Dred pulled over a steam-powered winding machine and began to de-tension the clockwork inside the arm, still wary of another explosion, even after all these years. ‘The Commonshare will fall one day, you know. Helped along by you, or more likely because they can’t feed their own people. Or perhaps the God-Emperor in Kikkosico will tire of their insults and bypass the cursewall, land his legions on their shore and finish off Quatershift for good. What will you do then, old friend?’

‘Retire.’

Dred Lands teased out part of the arm mechanism, laying it down on the workbench. ‘All right, don’t tell me. I’ll fix you up for your next attempt at suicide all the same.’

‘You should be more appreciative of what I do,’ said Cornelius. ‘I even rescued one of your own from Quatershift a couple of nights back. Jules Robur, the mechomancer. He would not have lasted another year in the Commonshare’s “organized community” system.’

Dred’s hand slipped on the wire cutter he was twisting. ‘Sweet Circle, you got Jules Robur out of Quatershift? I thought he was dead for sure. His designs, his technical architectures. He’s the greatest of us, Cornelius, the greatest! Are you sure he’s alive? Dear Circle!’

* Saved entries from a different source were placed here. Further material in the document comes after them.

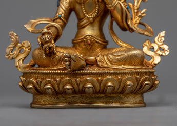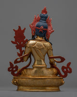 The sculpture is expertly crafted from a copper body, which was selected for its robustness and historical significance in the creation of holy items. The statue is then lavishly wrapped in 24K gold plating, which adds a sense of grandeur and purity to the warm tones of the copper. This gold layer not only enhances the sculpture's visual appeal but also symbolizes the divine energy and enlightened presence of Red Tara.
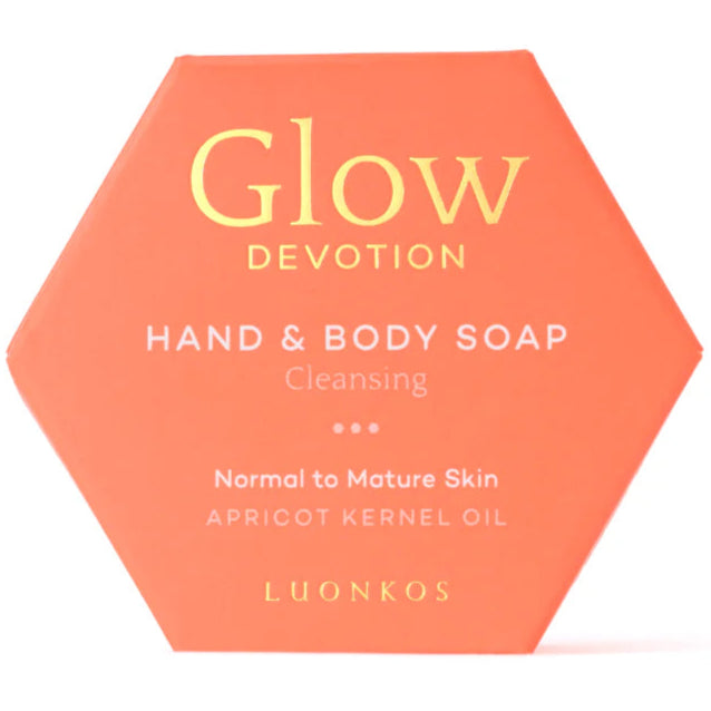 Luonkos Glow Devotion on täyteläinen käsien ja vartalon hoitosaippua. Aprikoosinkiviöljy pehmentää ja ravitsee ihoa samalla kun kookosöljy vaahtoaa runsaasti ja poistaa lian tehokkaasti. Täydellinen valinta ikääntyvälle tai normaalille iholle, joka kaipaa päivittäistä hoivaa. Sopii hyvin myös sheivaukseen.
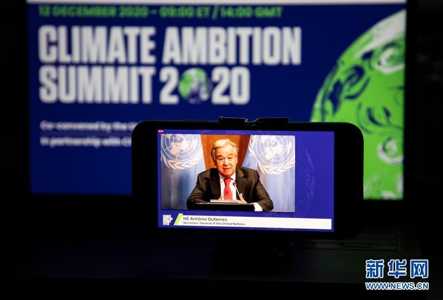 這是2020年12月12日在美國(guó)紐約拍攝的聯(lián)合國(guó)秘書長(zhǎng)古特雷斯在氣候雄心峰會(huì)上通過視頻發(fā)表講話的屏幕畫面。氣候雄心峰會(huì)由聯(lián)合國(guó)及有關(guān)國(guó)家倡議舉辦,旨在紀(jì)念《巴黎協(xié)定》達(dá)成五周年,進(jìn)一步動(dòng)員國(guó)際社會(huì)強(qiáng)化氣候行動(dòng),推進(jìn)多邊進(jìn)程。新華社記者 王迎 攝
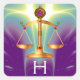 Elegante Justice Symbol (Símbolo de Justiça Elegante), artista.classy ouro escala com gemstones vermelhos roxos 3D, luzes vibrantes e ondas fractais em roxo, verde, violeta, azul-aqua, azul-turquesa, azul-turquesa, cor verde, amarelo, branco por Búlgaro Lumini (c).
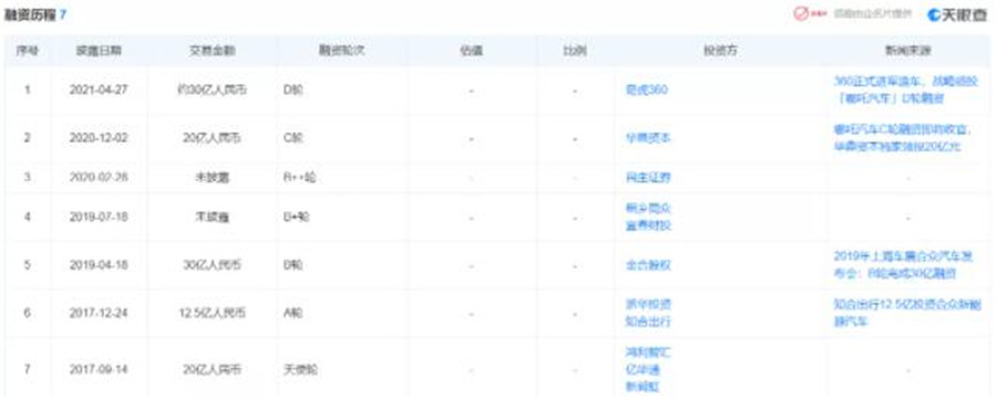 此前,哪吒汽车共经历了7轮融资。天眼查数据显示,在今年4月27日的最新D轮融资,奇虎360以30亿元人民币入股了哪吒汽车,成为其第二大股东。
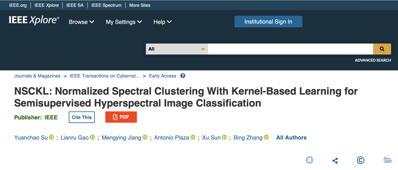 近日,古天乐代言太阳集团、中国科公司空天信息研究院和埃斯特雷马杜拉大学(西班牙)联合在IEEE Transactions on Cybernetics (IEEE TCYB)发表了题为“NSCKL: Normalized Spectral Clustering With Kernel-Based Learning for Semisupervised Hyperspectral Image Classification”的研究论文。公司遥感系苏远超老师为该论文第一作者,这是古天乐代言太阳集团首次以第一作者和第一完成单位在IEEE TCYB上发表的学术论文。
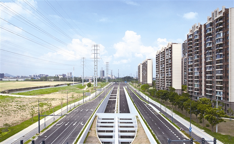 作为江阴城市快速路网的关键组成部分,新澄杨线一期项目全长2.78公里,采用地面、隧道、高架相结合的快速路建设模式。目前,施工现场沥青摊铺、标志标线、道路绿化基本完成,项目建设全面进入冲刺收尾阶段。(丁家骏 摄)

Cornelius had never seen Dred so animated. It was as if he had rescued the mechomancer’s own father from the work camp. ‘He is alive, have no worries on that account. When he woke up in Jackals, he could not stop expressing his gratitude, talking about the devices he could tinker into life now, with all of Jackelian industry and science at his disposal.’

‘Tinker, indeed! You must bring him here to me; just convince him to visit me. I shall offer all my tools to his service. Do this one thing for me, Cornelius, and I shall work for you for the rest of the year for free.’

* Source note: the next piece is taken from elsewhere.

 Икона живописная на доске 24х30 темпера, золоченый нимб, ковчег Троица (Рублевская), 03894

‘You can go and see him yourself. He’s here in the capital. I left him at his daughter’s house in Westcheap.’

‘His daughter? There must be some mistake.’

‘No mistake,’ said Cornelius. ‘I saw him walk through the door of her house myself. It was his daughter who convinced me to rescue the man from Quatershift.’

‘But it was Robur’s daughter who denounced him,’ said Dred. ‘She’s a Carlist, married to a general in the revolutionary army. She was the bloody reason he was in the camps in the first place. She blew him out to their secret police, led the crushers to the home he was hiding in. Look-’

Dred went to a bookshelf and returned with an old volume of the Journal ofPhilosophical Transactions, then opened it to a page with a cartoon. A man in Sun Court finery, Robur down to his hook nose, was being dragged away by soldiers of the revolutionary army as a woman watched. A speech bubble from the struggling mechomancer proclaimed: ‘Now this is a pretty penny in return for your mother’s labours.’ The woman was calling back, ‘And now your labours shall belong to the commons, you royalist dog.’ Pursed lips, staring eyes and wild hair — the daughter’s caricature bore no relation to the elegant creature who had implored him for his help in the rear yard of a jinn house.

‘It’s not the same woman.’ The anger leaked through Cornelius’s steely demeanour.

‘Keep your hair on, man,’ said Dred. ‘If she was an agent of the Commonshare, my fine arm and your strange bones would be lying dead in a ditch in Quatershift by now. She was probably his young mistress. Would you have risked your neck so readily for a lover as a daughter? You rescued the genius of Jules Robur; believe me, that is all that matters.’

‘Finish the arm,’ ordered Cornelius. ‘I’ll take your invite to Robur’s house personally tomorrow and see how well they like playing the fool with me when Furnace-breath Nick comes to call.’

Dred muttered, but he did as he was bid.

Cornelius’s eyes narrowed. Something was wrong here, deeply wrong. Was Jackals in danger again from her ancient foe to the east? If so, the old enemy would count themselves lucky if they lived to regret it. That was the thing about invasions. In the end, it just meant the shifties were coming to him.